Bitcoins sind aktuell mal wieder ein heiß diskutiertes Thema. Diesmal liegt es allerdings nicht an plötzlich verschwundenen Bitcoins oder stark fallenden Kursen. Ganz im Gegenteil: Die Kryptowährung jagt von Rekord zu Rekord und ist inzwischen mehr als 13.000 Euro wert. Viele Experten raten Kleinanlegern aber von einem Investment ab. Denn auch wenn der Kurs aktuell steigt, hat er grundsätzlich mit enormen Schwankungen zu kämpfen. Es handelt sich also um eine extrem riskante Geldanlage. Inzwischen kommt aber noch von einer ganz anderen Seite massive Kritik an den Bitcoins auf: Umweltschützer kritisieren den hohen Stromverbrauch. So wird der jährliche Stromverbrauch für die Erschaffung der Kryptowährung auf 32,4 Terawattstunden geschätzt. Zum Vergleich: Der Jahresverbrauch in Dänemark liegt bei 33 Terawattstunden.


Bild: Bitcoin, Zach Copley, Flickr, CC BY-SA 2.0

In China wird überschüssiger Kohlestrom zur Erschaffung von Bitcoins genutzt

Hintergrund ist der Entstehungsprozess von Bitcoins. Diese werden erschaffen, indem Computer immer komplexer werdende Rechenaufgaben lösen müssen. Zu Beginn war dies noch vergleichsweise einfach und es konnte auch mit dem heimischen Computer noch erfolgreich geschürft werden. Inzwischen wird dafür aber so viel Rechenleistung benötigt, dass spezielle und besonders schnelle Prozessoren genutzt werden müssen. Diese wiederum werden oftmals in eigenen Serverfarmen aufgestellt und müssen dort mit Strom versorgt und gekühlt werden. Beides trägt zur negativen Klimabilanz der Kryptowährung bei. Teilweise hat dies absurde Folgen. So werden viele Bitcoins in der Inneren Mongolei geschürft, weil dort die Kohlekraftwerke starke Überkapazitäten haben und den Strom daher stark subventioniert abgeben.

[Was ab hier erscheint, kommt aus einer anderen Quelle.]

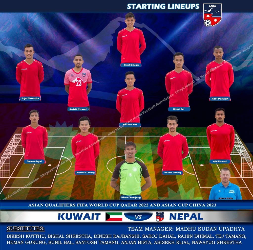 काठमाडौं (हाम्रो खेलकुद) – विश्वकप छनोट अन्तर्गत पहिलो खेलका लागि नेपालको सुरुवाती ११ घोषणा भएको छ । यसअघि हाम्रो खेलकुदडट कमले प्रस्तुत गरेको सम्भावित ११ जस्तै प्रशिक्षक कालिनले विमल घर्तीमगरलाई एकल फरवार्डका रुपमा टोली उतारेका छन् ।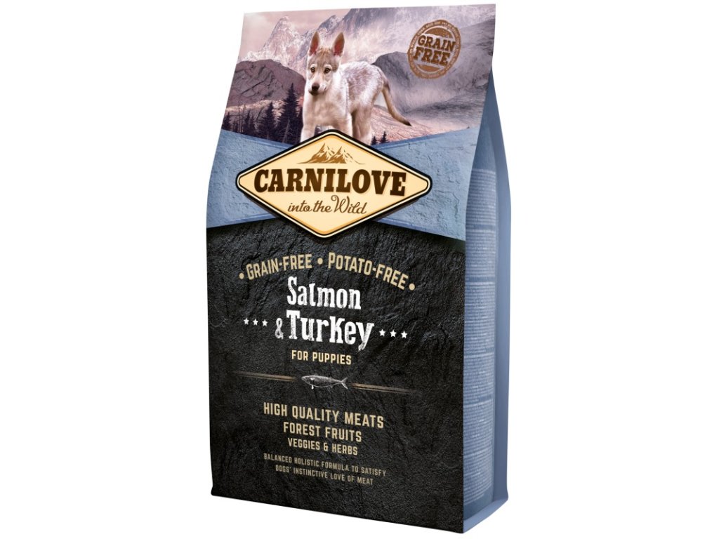Granule Carnilove Salmon & Turkey for Large Breed Puppy jsou superprémiové, holistické kompletní krmivo pro štěňata všech plemen (od 4. týdne do 12měsíce). Je vhodné i pro březí a kojící feny. Celých 45% složení tvoří moučka z lososů a krocaního masa. Losos je zdrojem vysoce stravitelných proteinů. Je bohatým zdrojem omega-3 nenasycených mastných kyselin, které pozitivně ovlivňují mentální vývoj, kardio-vaskulární soustavu a metabolismus (snižují obsah krevního cukru). Losos má pozitivní vliv na kvalitu a vzhled srsti a kůže. Krocan je bohatým zdrojem stravitelných proteinů s vysokým obsahem stopových prvků, zejména zinku. Dále obsahuje vitamíny B3 a B6, které ovlivňují činnost mozku, svalový tonus a jsou nezbytné pro zdravý růst. Sacharidy jsou zastoupeny ve žlutém hrachu, tapiok, v jablkách a cizrně.

Die benötigten Rechenoperationen werden immer komplizierter

Anderswo wird allerdings auch Wasserkraft genutzt, was das Klima deutlich weniger belastet. Der Stromverbrauch der Kryptowährung dürfte zudem weiter zulegen. Experten gehen davon aus, dass schon im nächsten Jahr der Energieverbrauch der Vereinigten Staaten erreicht sein könnte. Anhänger der Bitcoins verweisen allerdings auf einen Effekt, der den Stromverbrauch auch wieder senken könnte: Das Mooresche Gesetz. Dieses besagt im Wesentlichen, dass sich die Rechenleistung von Prozessoren regelmäßig verdoppelt. Oder anders ausgedrückt: Für die selbe Rechenleichtung wird dann weniger Energie benötigt. Tatsächlich ist dies bereits zu beobachten. Bitcoin-Schürfmaschinen benötigen heute für die selbe Rechenleistung nur halb so viel Energie wie vor zwei Jahren. Ein Grund zur Entwarnung ist dies aber nicht zwingend: Auch die benötigten Rechenoperationen zur Erschaffung von Bitcoins werden immer komplexer.